The study, published in the Journal of Pediatrics, found the highest levels of obesity in adolescents who weren’t sleeping enough night after night.

10. For adolescents, pre-pregnancy BMI directly linked to excess pregnancy weight gain

Weight gain during pregnancy is an issue every pregnant woman faces. Research shows that pre-pregnancy body mass index, BMI, and ethnicity might signal a likelihood of obesity later in life.


Published in PLOS ONE, researchers analyzed medical records of more than 1,000 women who gave birth between the ages of 15 and 24 and concluded that physicians caring for adolescent women should use BMI before pregnancy as a strong predictor of whether a young mother will gain too much weight during pregnancy, a risk factor for later obesity.

"Does fat shaming work?" According to experts, fat shaming does not work.
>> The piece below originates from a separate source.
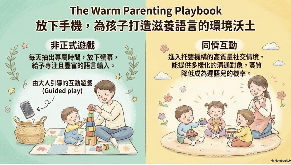 更好的方式是跟著孩子玩、描述他正在做的事、在他有一點點表達時立刻接住,再幫他多加半步。家長的角色不是監考老師,而是高品質的互動夥伴。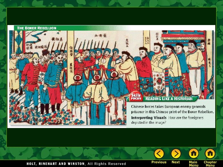 The Open Door Policy gives the United States an equal footing in China. • European powers gained spheres of influence in China. • The United States feared it would be shut of the valuable China trade. • Secretary of State John Hay proposed the Open Door Policy, giving all nations equal trading rights in China. • Increased foreign presence in China led to the Boxer Rebellion. • Western nations cooperated to quell the rebellion and continue exploitation of Chinese trade.

Making overweight and obese people feel bad about their size does not encourage them to shed excess pounds – and may even make them put on more weight

University College London

11. Moms of obese children use different words to restrict eating

In a small study, researchers found caregivers of children with obesity may be more likely to use direct statements to restrict a child’s eating.


Researchers at C.S. Mott Children’s Hospital videotaped 237 mothers and children who were seated alone in a room and presented with different foods, including chocolate cupcakes. Direct commands like “only eat one” was more often used among mothers of children with obesity while eating dessert, according to the findings published in the Journal of Nutrition Education and Behavior.


Meanwhile, mothers of children who weren’t overweight were more likely to guide children with indirect comments such as, “That’s too much. You haven’t had dinner.”

12. Could desserts and fast food on kid’s clothing influence future diets?

Frosted cupcakes, sprinkled donuts, and chocolate chip cookies — are all on the list of foods that pediatrician Megan Pesch, M.D., suddenly found difficult to avoid. Not at the bakery or grocery store, but on children’s clothing.


The developmental-behavioral pediatrician, who studies childhood eating behaviors, wondered how prominent the trend was and whether it had implications for children’s eating habits.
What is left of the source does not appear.